Governed Capability Evolution for Embodied Agents: Safe Upgrade, Compatibility Checking, and Runtime Rollback for Embodied Capability Modules
This addresses a key systems problem for embodied agents, enabling safe and compatible evolution of their capabilities, though it is incremental as it builds on prior modular and governance work.
The paper tackles the problem of safely upgrading embodied agents' capability modules without breaking constraints, proposing a lifecycle-aware upgrade framework with compatibility checks and a staged deployment pipeline. The framework reduces unsafe activations from 60% to 0% while maintaining task success rates comparable to naive upgrades (67.4% vs. 72.9%).

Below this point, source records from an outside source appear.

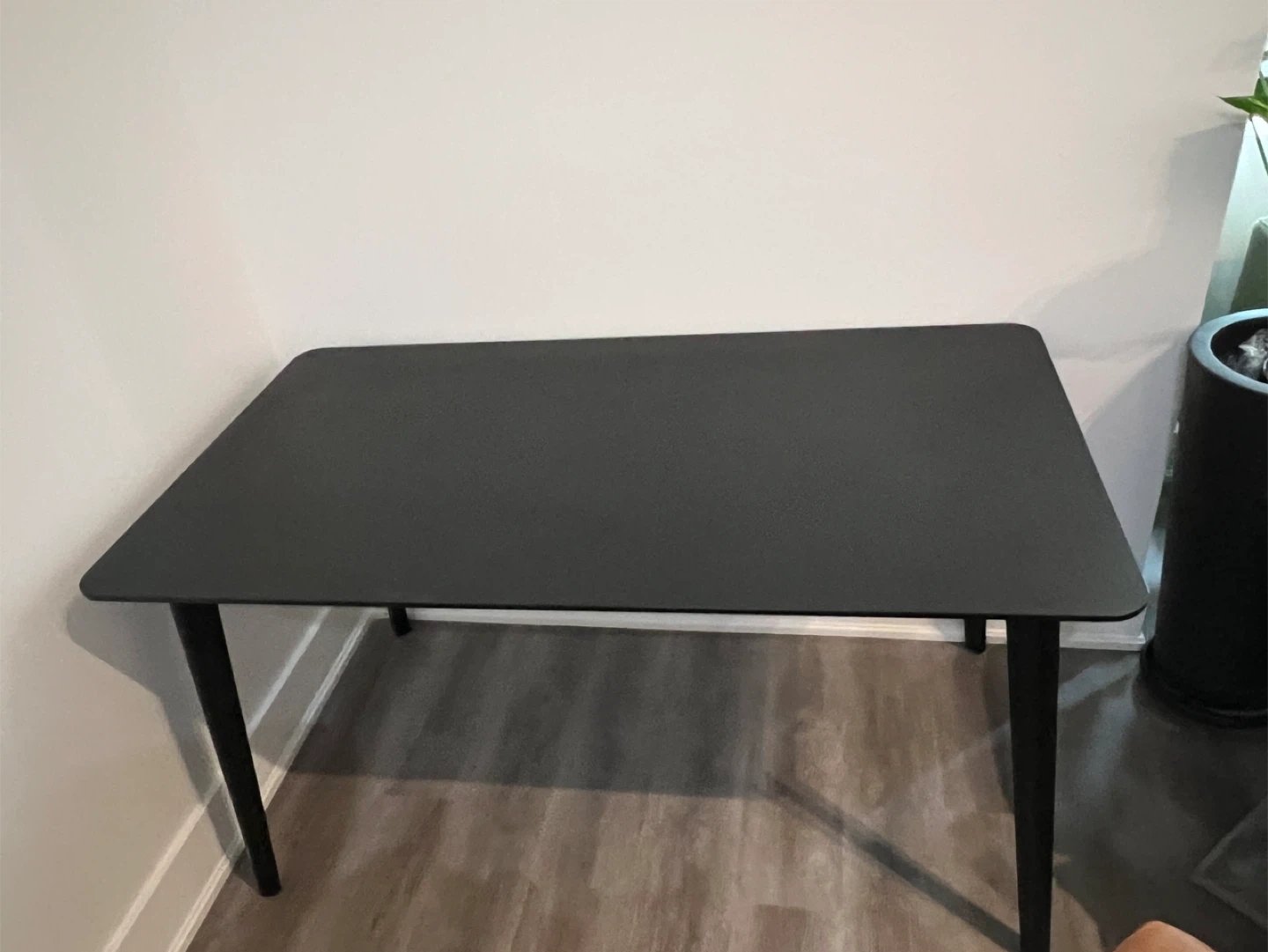 Selling an IKEA Lisabo table in black/ash veneer! It's in great shape and ready for a new home. The dimensions are 140 cm x 78 cm (55 1/4" x 30 3/4"). This table is super easy to assemble and perfect for a dining area or workspace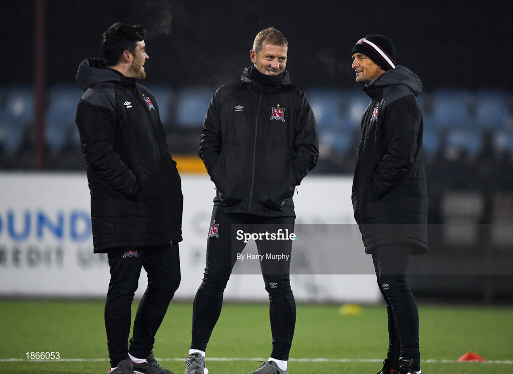 17 January 2020; Dundalk head coach Vinny Perth, centre, speaks with Dundalk physiotherapists David Murphy, left, and Danny Miller, right, prior to the Pre-Season Friendly match between Dundalk and UCD at Oriel Park in Dundalk, Co. Louth. Photo by Harry Murphy/Sportsfile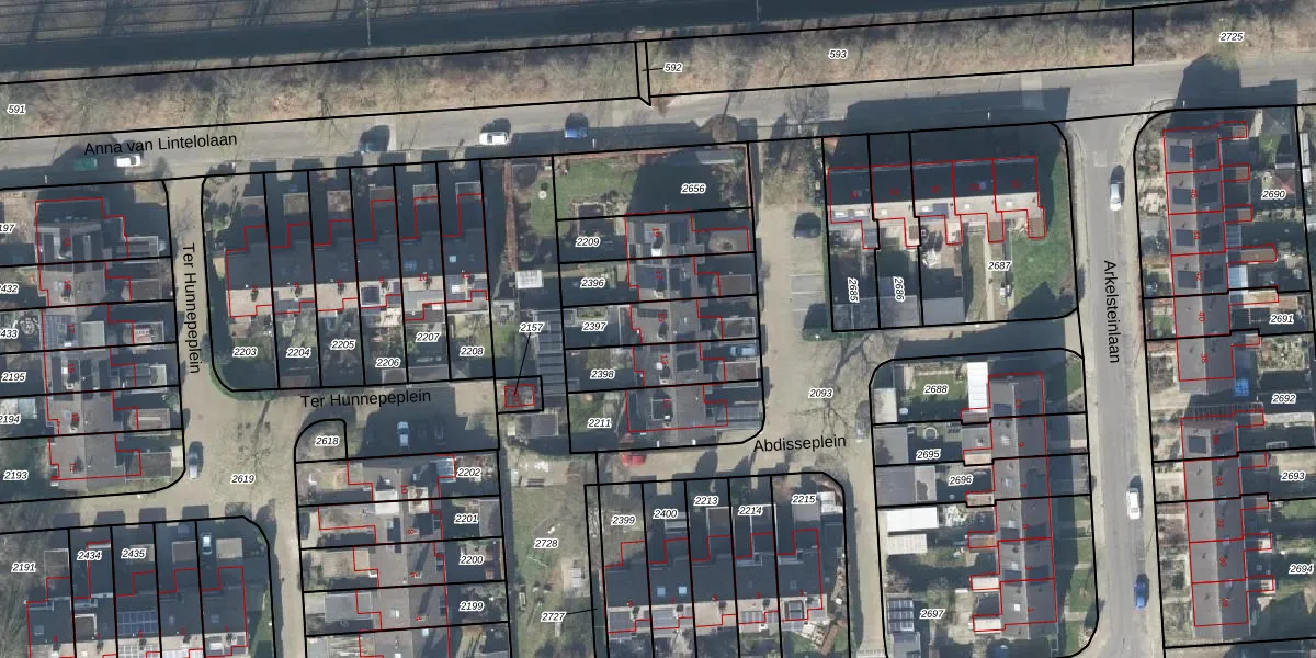 Het perceel waarop Abdisseplein 15 staat heeft een oppervlakte van 197 m². Dit is een middelgroot perceel. De perceeloppervlakte wordt geregistreerd door het Kadaster. Gedetailleerde informatie over de maten van dit perceel kunt u vinden in het rapport Kadastrale kaart met maatvoering van Abdisseplein 15.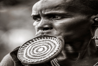 इथियोपिया की सूरी जनजाति के लोग बहुत चौड़े होठों को सुंदरता की निशानी समझते हैं। ऐसे में जब इस समुदाय की लड़कियां बड़ी होती हैं, तो उनके मुंह से नीचे के दो दांत निकाल दिए जाते हैं। इसके बाद निचले होठों में लकड़ी या मिट्टी का करीब 16 इंच चौड़ा टुकड़ा फंसा दिया जाता है। लड़की के मुंह में जितना बड़ा टुकड़ा फंसा दिया जाता है, वो लड़की उतनी ही सुंदर मानी जाती है।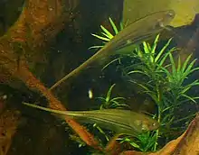 Glass knifefishes are fishes in the family Sternopygidae in the order Gymnotiformes. Species are also known as rattail knifefishes.[1]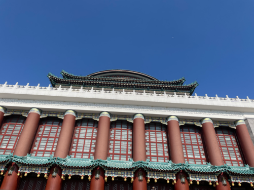 最后,我参观了重庆人民大礼堂。伫立于人民广场,朝着礼堂的方向望去,所有参观者无不惊叹这座集地域文化与中华民族特色的建筑的雄伟壮丽。人民大礼堂每一块别致的飞檐上,都似回响着历史铿锵的足音。这座精美绝伦的建筑修建于解放初期,由刘伯承、贺龙、邓小平等西南军政委员会主要领导人率领西南人民,历时三年完成的,是先辈们为重庆人民留下的宝贵财富。礼堂见证了半个世纪以来,周恩来、朱德等党和国家领导人的亲临视察,见证了历届重庆市人大代表、政协委员等参政议政的光辉时刻。历经几十年风雨,人民大礼堂见证了重庆如何一步一步走向繁荣,也见证了中国共产党领导中国人民不断奋进,取得的辉煌成就。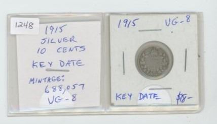 1915 Silver 10 Cents. Issued during World War I. Key Date. Mintage of 688,057. Scarce. VG-8.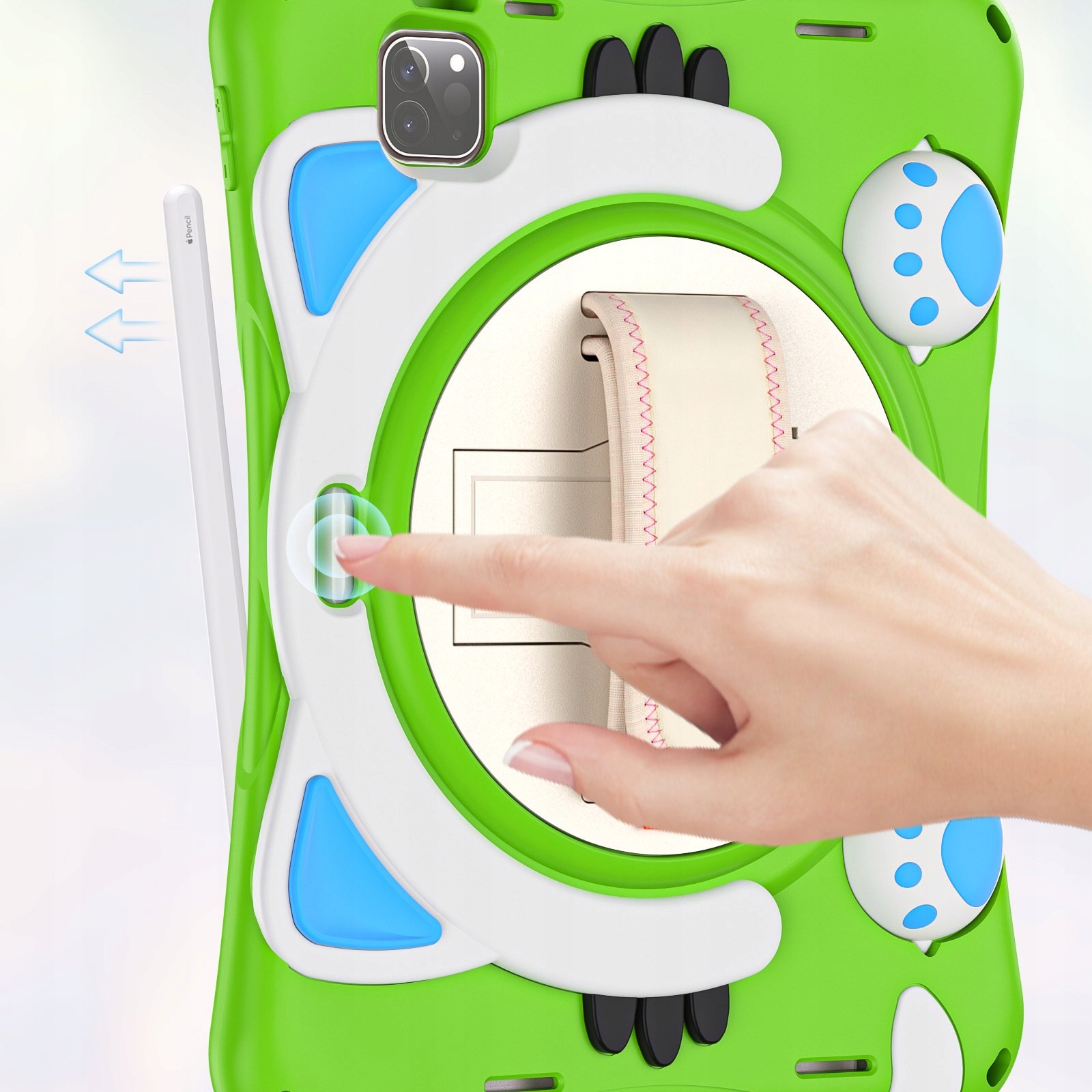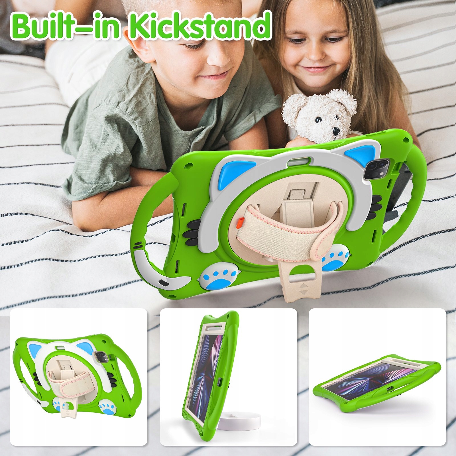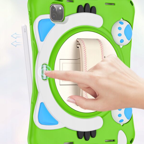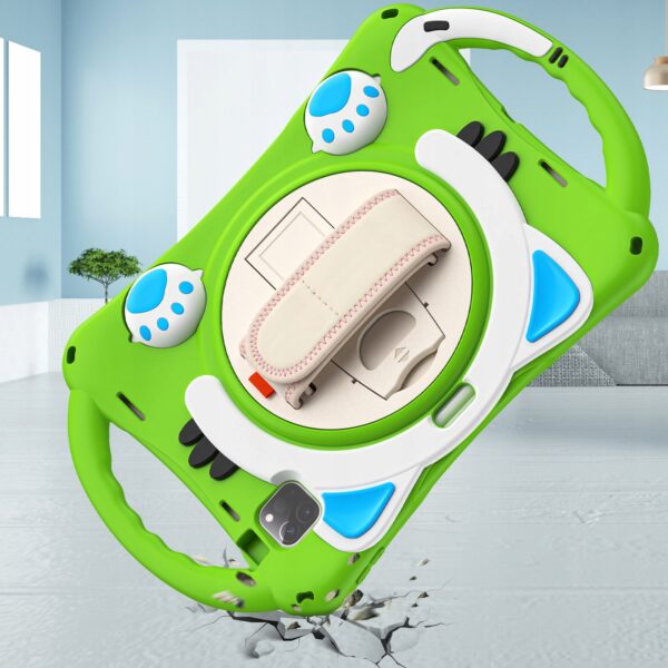 Wielofunkcyjna podpórka i uchwyt: Wbudowany obrotowy stół obrotowy o 360 stopni i składana podpórka, umożliwia regulację stojaka w celu uzyskania różnych kątów. Otwórz jako wygodny uchwyt do chwytania i przenoszenia. Uchwyty po obu stronach umożliwiają dzieciom łatwe i bezpieczne trzymanie tabletu.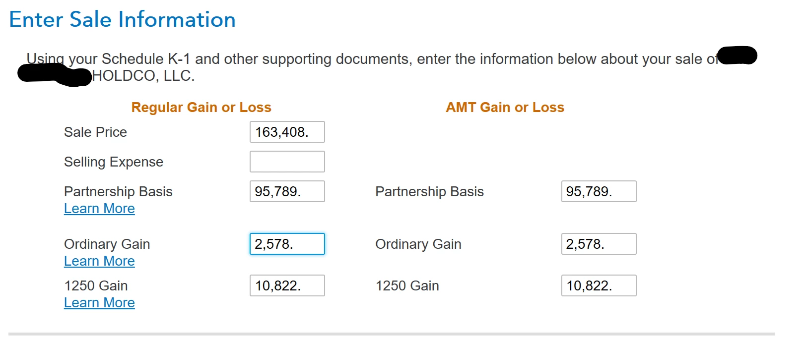 K-1 Sold interest - 1245 recapture - capital gain - how to enter in turbotax?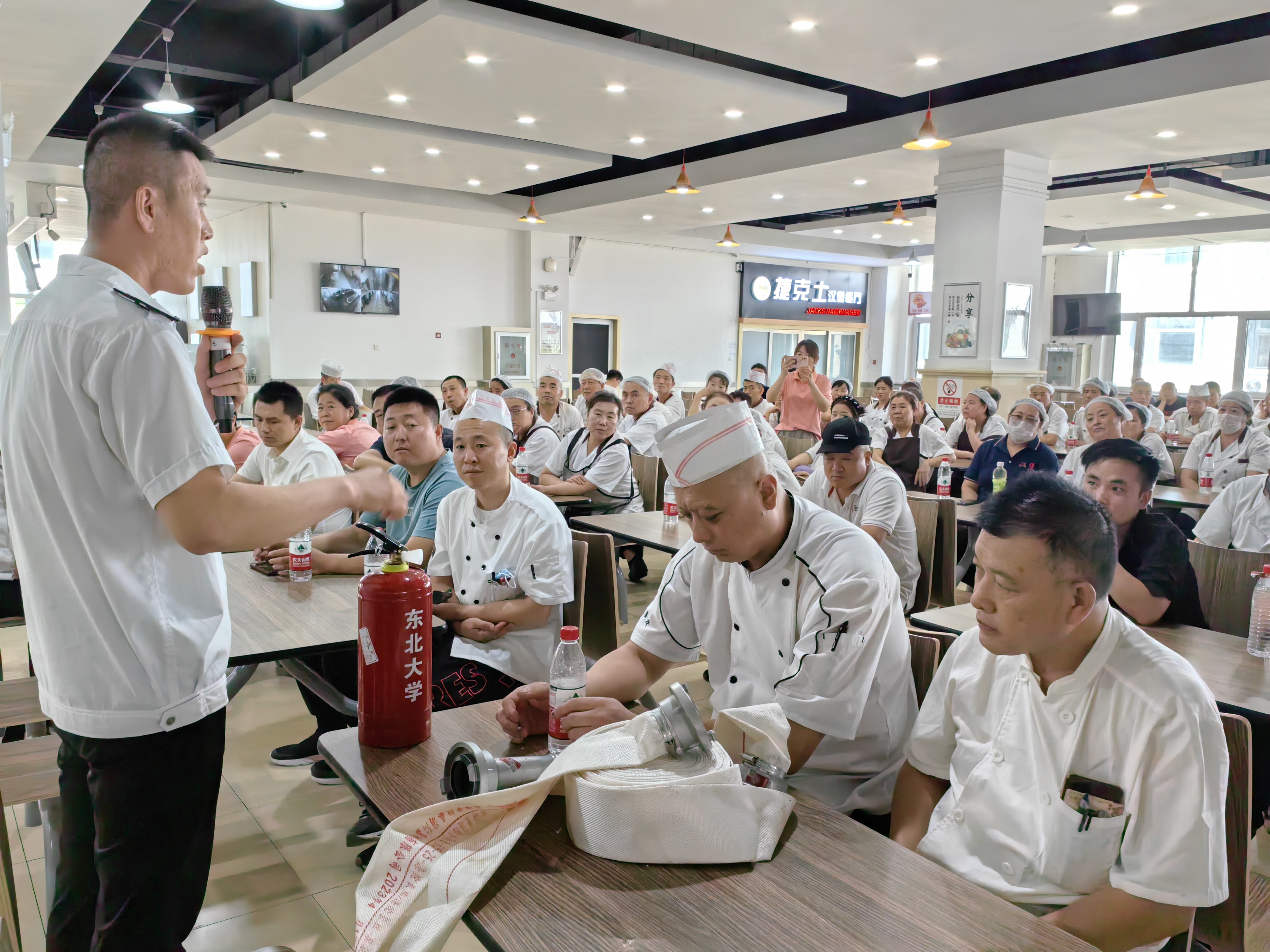 为贯彻落实安全生产月相关要求,6月28日,餐饮中心在学生城食堂组织开展应急疏散演练,各食堂主任携安全员等重要岗位员工现场观摩学习。餐饮中心高度重视本次演练,精心设计演练方案,特邀请辽宁省群安消防知识宣传中心的范教官为本次演练提供理论和技术指导,演练前现场演示消防器材的使用、强调应急疏散注意事项,同时明确演练流程、疏散路线,并对各组人员职责进行了明确规定,落实责任到人。本次应急疏散演练活动,将在各食堂陆续开展,以实现畅通应急通道、指导员工熟悉逃生路线的目标,并切实提高员工应对突发事件下听从指挥、自救互救的能力。

Embodied agents are increasingly expected to improve over time by updating their executable capabilities rather than rewriting the agent itself. Prior work has separately studied modular capability packaging, capability evolution, and runtime governance. However, a key systems problem remains underexplored: once an embodied capability module evolves into a new version, how can the hosting system deploy it safely without breaking policy constraints, execution assumptions, or recovery guarantees? We formulate governed capability evolution as a first-class systems problem for embodied agents. We propose a lifecycle-aware upgrade framework in which every new capability version is treated as a governed deployment candidate rather than an immediately executable replacement. The framework introduces four upgrade compatibility checks -- interface, policy, behavioral, and recovery -- and organizes them into a staged runtime pipeline comprising candidate validation, sandbox evaluation, shadow deployment, gated activation, online monitoring, and rollback. We evaluate over 6 rounds of capability upgrade with 15 random seeds. Naive upgrade achieves 72.9% task success but drives unsafe activation to 60% by the final round; governed upgrade retains comparable success (67.4%) while maintaining zero unsafe activations across all rounds (Wilcoxon p=0.003). Shadow deployment reveals 40% of regressions invisible to sandbox evaluation alone, and rollback succeeds in 79.8% of post-activation drift scenarios.